ESXi Host Becomes Unresponsive Due to Memory Controller Errors Leading to Storage I/O Issues
search cancel

ESXi Host Becomes Unresponsive Due to Memory Controller Errors Leading to Storage I/O Issues

book

Article ID: 373203

calendar_today

Updated On:

Products

VMware vSphere ESXi

Issue/Introduction

An ESXi host may become unresponsive for an extended period without experiencing a purple screen of death (PSOD) or rebooting. The host eventually resumes normal operation without intervention.

Environment

Environment:
- VMware ESXi 7.0 or newer
- Sample log entries indicating the issue:

  1. Memory Controller Errors found in /var/log/vmkernel.log, such as:
     2024-07-17T23:04:17.991Z cpu22:3361787)MCA: 209: CE Poll G0 B8 S9c00004001010091 A6619f377c0 M200401c089801086 P6619f377c0/40 Memory Controller Read Error on Channel 1.

  2. hostd Service Hang found in /var/log/vmkernel.log, such as:
     2024-07-17T22:24:35.571Z cpu6:2100050)ALERT: hostd detected to be non-responsive

  3. Storage I/O issues found in /var/log/vmkernel.log, such as:
   2024-07-17T23:01:34.001Z cpu3:2097735)WARNING: ScsiDeviceIO: 1513: Device naa.xxxxxxxxxxxxxxxxxxxxxxxxxxxxxxxx performance has deteriorated. I/O latency increased from average value of 1004 microseconds to 107588 microseconds.
   2024-07-17T22:37:41.167Z cpu2:2097201)ScsiDeviceIO: 4176: Cmd(0x45b96d402508) 0x89, CmdSN 0x1578666 from world 3361402 to dev "naa.xxxxxxxxxxxxxxxxxxxxxxxxxxxxxxxx" failed H:0x0 D:0x2 P:0x0 Valid sense data: 0xe 0x1d 0x0
   (especially if I/O latency is very high, over 1000000 microseconds, and multiple occurrences of 0xe 0x1d 0x0 within a single second)

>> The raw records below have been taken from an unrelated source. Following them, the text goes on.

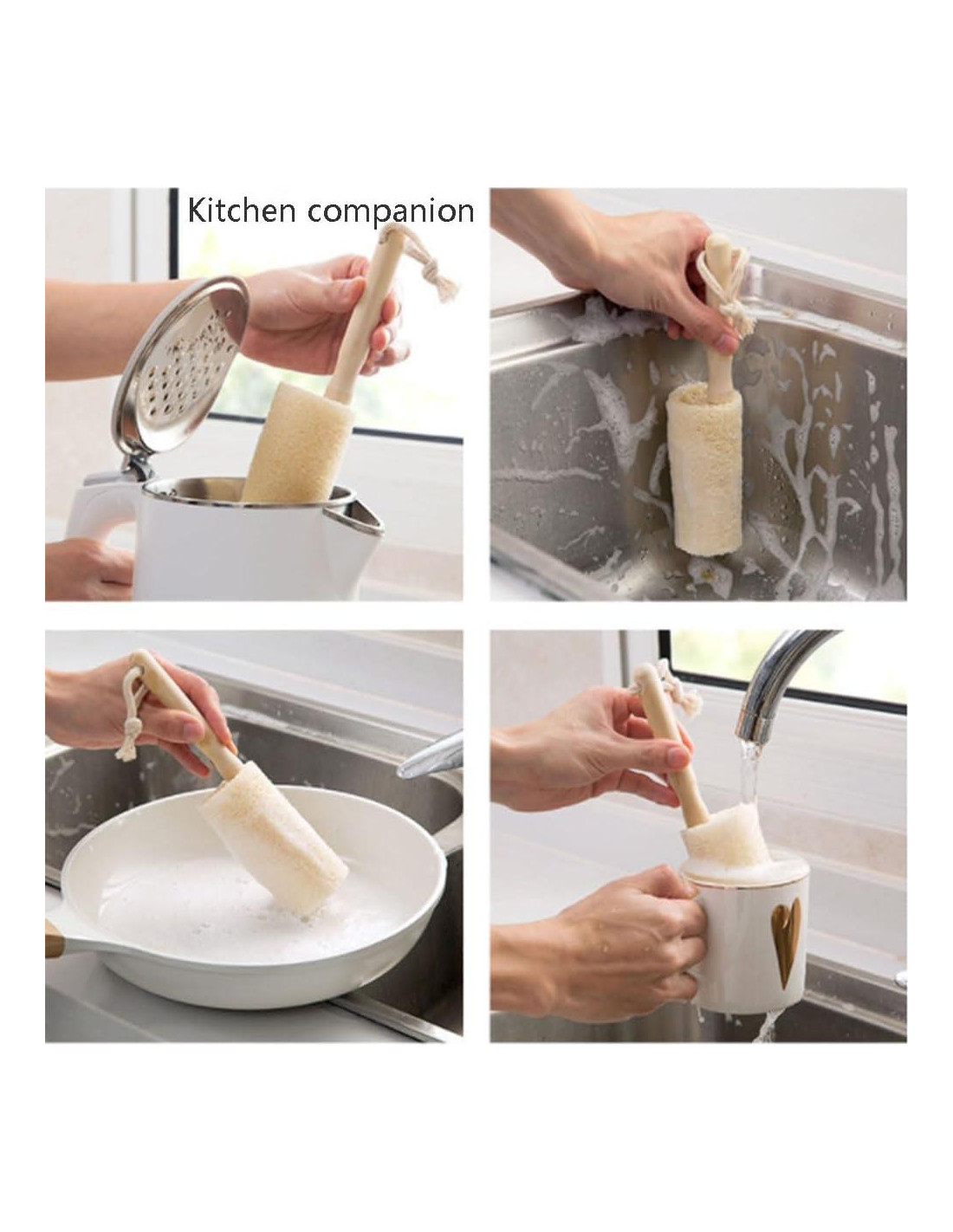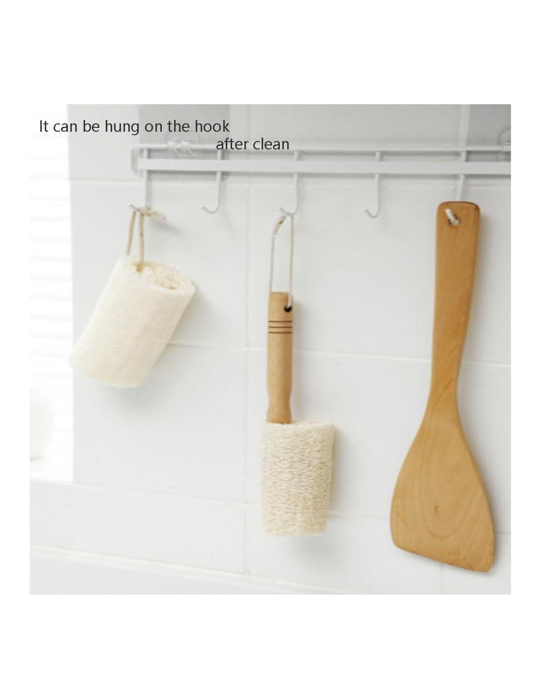 - El cepillo de taza de lufa con mango de madera lufa natural Sin pérdida de pelo, sin daño a la mano, desinfección suave. Mango de haya, color exquisito, textura natural, líneas claras, sin sensación áspera. Es muy duradero. La esponja de baño lufa se puede usar para limpiar tazas de agua, tazas, tazas de té, hervidores y otros recipientes.
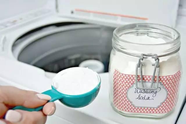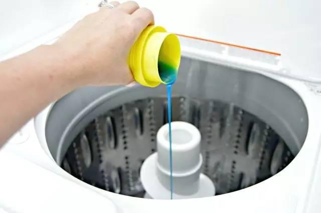 第二步:將洗衣粉或洗衣液配上漂白水和少許硼砂攪拌均勻,倒入洗衣機中。
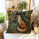 Ce coussin exquis présente un design fantaisiste qui donne vie à un renard délicieux au milieu d'une forêt luxuriante, entouré de feuilles botaniques complexes et de fines fleurs de style Art nouveau.
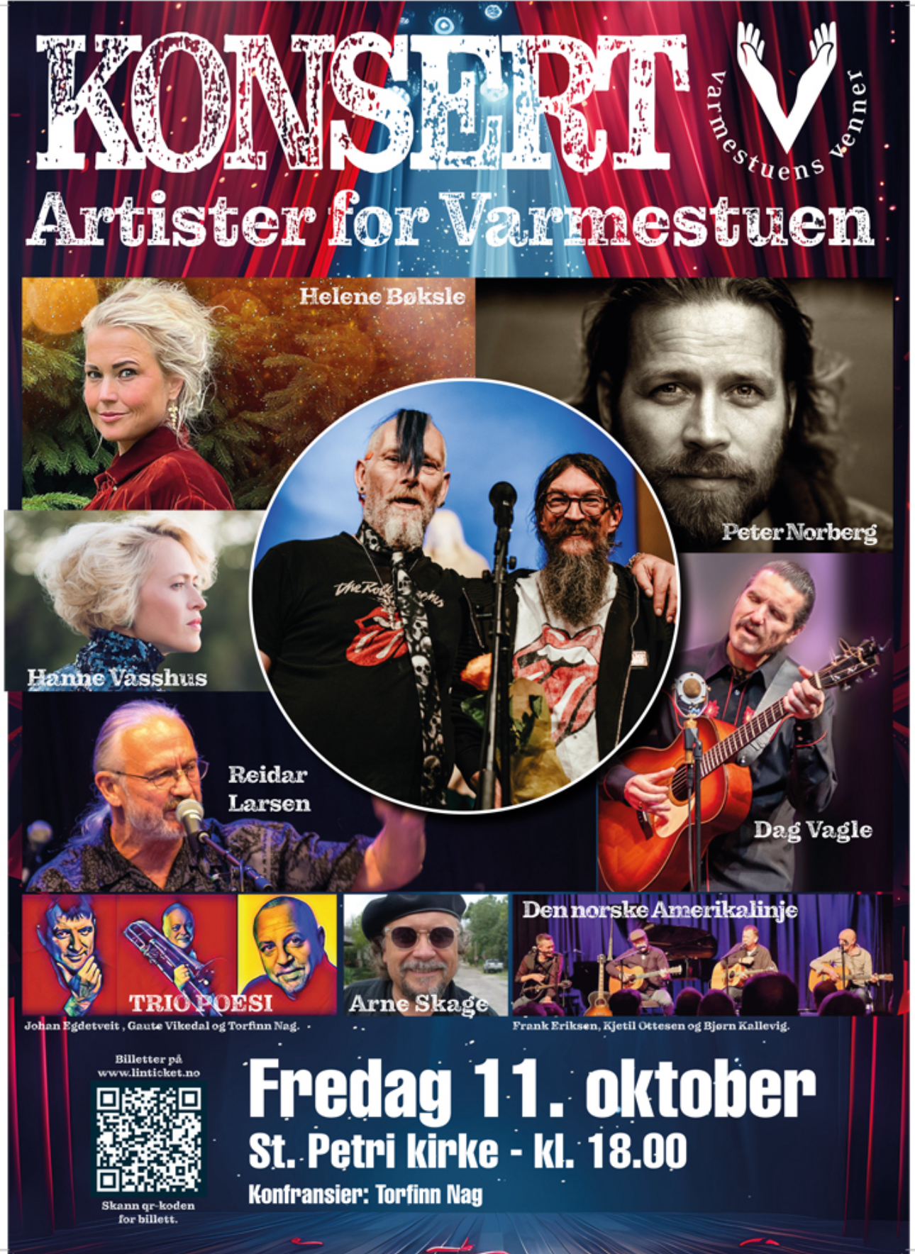 flere konserter i Johanneskirken og Madlamark kirke. Disse konsertene samler fullt hus og gir viktige inntek- ter til driften av Varmestuen. Kjente artister som Reidar Larsen, Rita Eriksen, Espen Hana, Hanne Vasshus, Helene Bøksle, Tønes, Dag Vagle og skuespilleren Torfinn Nag har vært gjengangere og bidratt til å gjøre konsertene
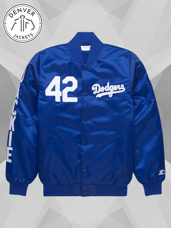Pay homage to the late great legend Jackie Robinson in the form of HOMAGE x Starter Jackie Robinson Satin Jacket and shine on the playfield toting the #42. Order this bomber jacket now from Denver Jackets.
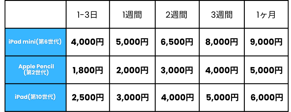 カリナイトでは、iPadの最新機種全モデルを取扱中です。
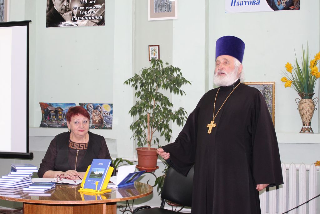Модератором площадки выступила ведущий библиотекарь отдела массовой работы ЦГБ им. А. С. Пушкина Татьяна Петровна Листопадова. О истории и духовном значении творчества отца Николая собравшимся рассказал древлехранитель Шахтинской епархии, секретарь Ростовского отделения Императорского Православного Палестинского Общества Илья Геннадиевич Шарков, написавший вступительное слово к презентуемому сборнику. Епархиальный древлехранитель отметил, что поэтическое творчество уважаемого священника и пламенного патриота Дона и России обращено ко всем людям, ценящим русское слово, ищущим подлинную Красоту и стремящимся к непреходящей Истине. Духовная поэзия – это особый жанр, в котором выявляется чистота тона, где недопустима фальшь и где автор не сможет укрыться за искусной игрой рифм, вязью слов и яркостью метафор. Стихи этого жанра не пытаются играть на чувствах читателя, пробуждая в нём страсти, а доходят до сердца читателя, понуждают его сверить свой духовный путь с теми, кто достиг святости, заставляют ощутить сопричастность к святой Руси и её идеалам. Своим творчеством поэт пытается мостить дорогу, ведущую к вершинам Духа и вести по ней своего читателя. Правдиво высекая каждое берущее за душу слово, автор открывает богатый мир очищенной Богом отечественной речи. Как пастырь, отец Николай направляет свой поэтический дар к спасению словесной паствы. Служение Алтарю у автора тесно связано со служением поэтическому слову. Поэт Духа склоняется перед Словом и смиренно приносит к Его подножию все свои таланты и умения. Поэзия отца Николая при кажущейся сдержанности несёт свет, озарение Правды, евангельскую радость, святоотеческую глубину смыслов, и помогает дерзновенно приоткрывать Божий мир в его прикровенных образах и честно рассматривать человеческий мир в его разных красках.
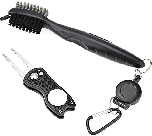 Mile High Life All Metal Foldable Golf Divot Tool with Magnetic Ball Marker & Club Groove Cleaner with Brush and Retractable Extension Cord Combo Set (2 Pack Multi-Colors)
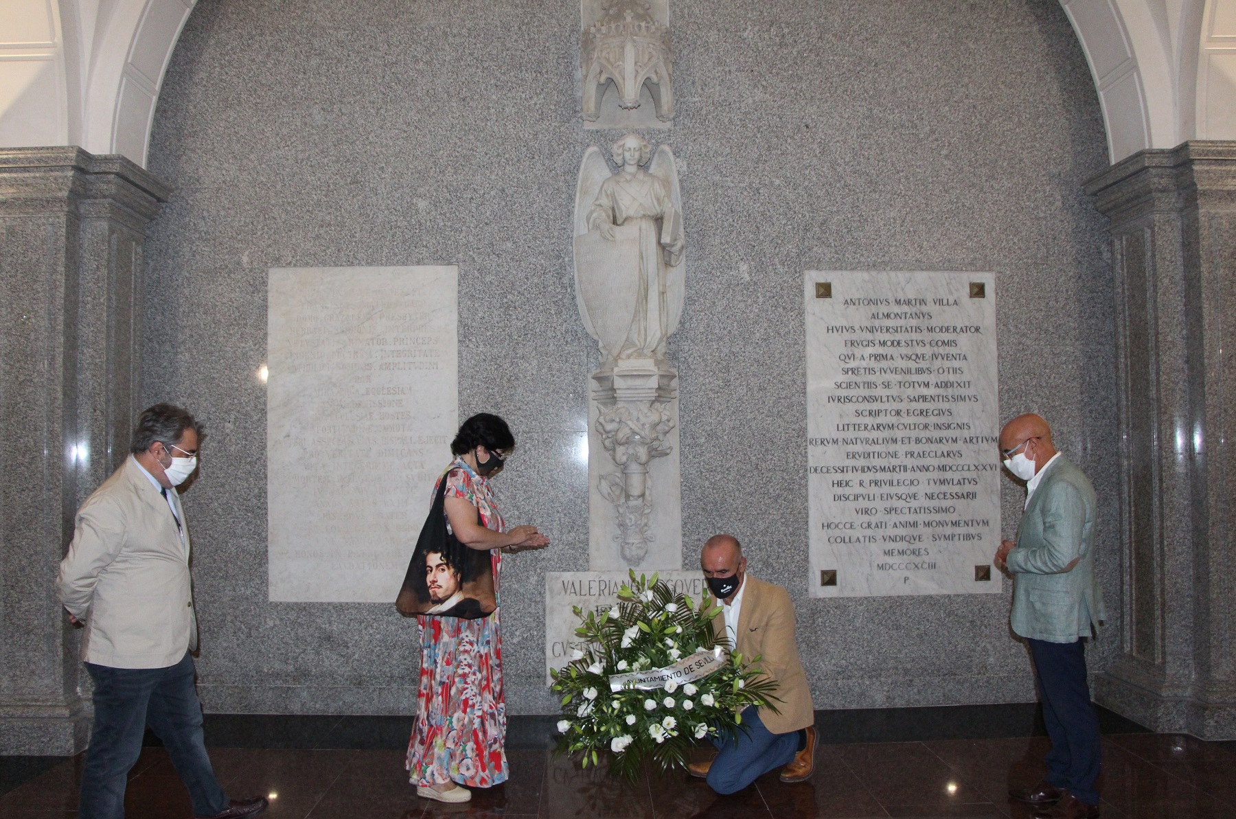 El Ayuntamiento de Sevilla ha rendido hoy homenaje hoy al pintor Valeriano Bécquer en la víspera del 150 aniversario del fallecimiento del artista, cuyos restos yacen junto a los de su hermano, el poeta Gustavo Adolfo Bécquer, en el Panteón de los Sevillanos Ilustres, en los bajos de la Facultad de Bellas Artes. En este lugar, y con un sencillo acto, el delegado de Hábitat Urbano, Cultura y Turismo, Antonio Muñoz, ha realizado una ofrenda floral junto con Pilar Alcalá, presidenta de la Asociación Cultural ‘Con los Bécquer en Sevilla’, Luis Francisco Martínez Montiel, Luis Francisco Martínez Montiel, director del Secretariado de Patrimonio Histórico-Artístico de la Universidad de Sevilla, y el decano de Bellas Artes, Daniel Bilbao.
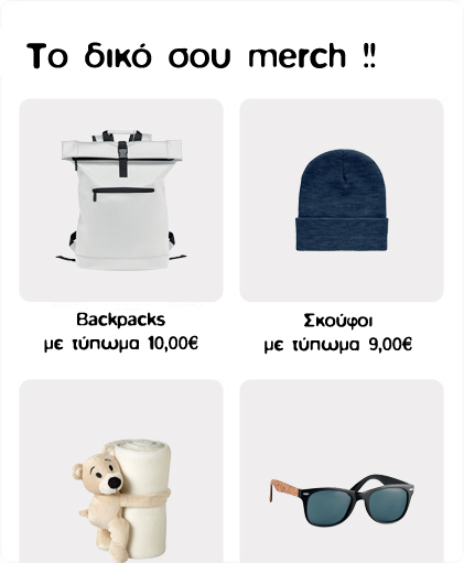 - Χαμηλές ελάχιστες ποσοτητές για όλα τα merch 💰
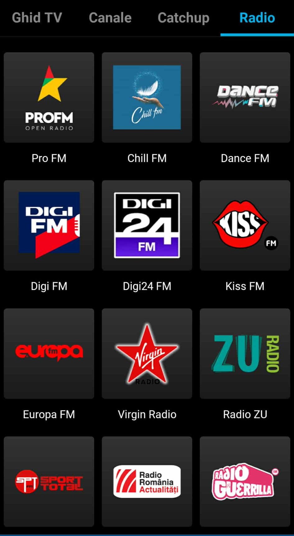 • categoria radio (utilizatorii pot descoperi acum în aplicaţie şi o categorie dedicată posturilor de radio, una formată din 17 staţii: Dance FM, Digi FM, Digi24 FM, Chill FM, Pro FM, Kiss FM, Europa FM, Virgin Radio, Radio ZU, Radio România Actualităţi, Radio Guerilla, Radio Sport Total, Radio Impuls, Radio Maria, Radio Ercis, Radio Vocea Speranţei şi Realitatea FM).
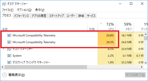 タスクマネージャーで確認してみるといくつもの「Microsoft Compatibility Telemetry」が高いCPU 使用率を示していることがわかります。
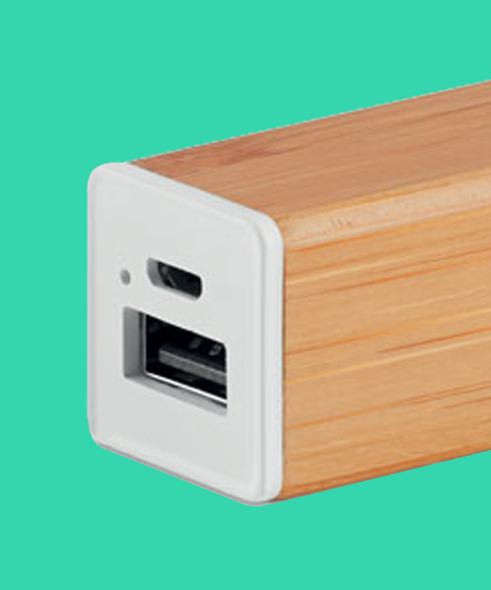 - Powerbank 2200 mAh dans un étui en bambou. Convient aux smartphones, sortie DC5V / 1A actuelle. Comprend un voyant et un câble USB avec prise micro USB. Connecteur de type C inclus. Le bambou est un produit naturel, et présente de légères variations de couleur, de décoration et de taille

  4. Storage I/O Issues found in /var/log/hostd.log, such as:
     2024-07-17T22:23:21.493Z warning hostd[2098944] [Originator@6876 sub=IoTracker] In thread 2099376, fopen("/vmfs/volumes/xxxxxxxx-xxxxxxx-xxxx-xxxxxxxxxxxx/vm-name/vm-name.vmx") took over 36 sec.


  4. VMFS Volume Access Issue:
     2024-07-17T22:21:37.520Z 2024-07-17T22:23:06.553Z Volume access related events - Last 10 days
     UUID                                Volume                    Access Lost              Access Recovered
     ----------------------------------- ------------------------- ------------------------ ------------------------
     63a1eecc-42195f22-b269-0025b513a03b datastore-name            2024-07-17T22:21:37.520Z 2024-07-17T22:23:06.553Z

These log entries demonstrate the sequence of events: memory controller errors, followed by storage I/O issues, leading to the hostd service becoming unresponsive, and VMFS volume access problems.

Cause

Memory controller errors can trigger a cascade of storage I/O issues, ultimately causing the hostd service to hang. This occurs because storage I/O operations depend on data moving through memory. As the hostd service attempts to manage an increasing number of pending operations due to I/O errors, it quickly exhausts its available heap memory, leading to unresponsiveness.

Resolution

Resolution:
1. Run memory diagnostics:
   a. Boot the affected host into a memory testing utility (e.g., the server manufacturer's diagnostic tool or Memtest86+).
   b. Run the memory test for at least 24 hours.
   c. If errors are detected, contact your hardware vendor for further assistance or potential hardware replacement.

2. Monitor the host:
   a. After applying updates and confirming stable operation, closely monitor the host for any signs of similar issues.
   b. Pay particular attention to any storage-related alerts or performance degradation.

5. If issues persist:
   a. Collect a new set of ESXi host logs and review for recurring memory or storage errors.
   b. Consider engaging your hardware vendor for a more thorough hardware diagnostic if memory tests pass but issues continue.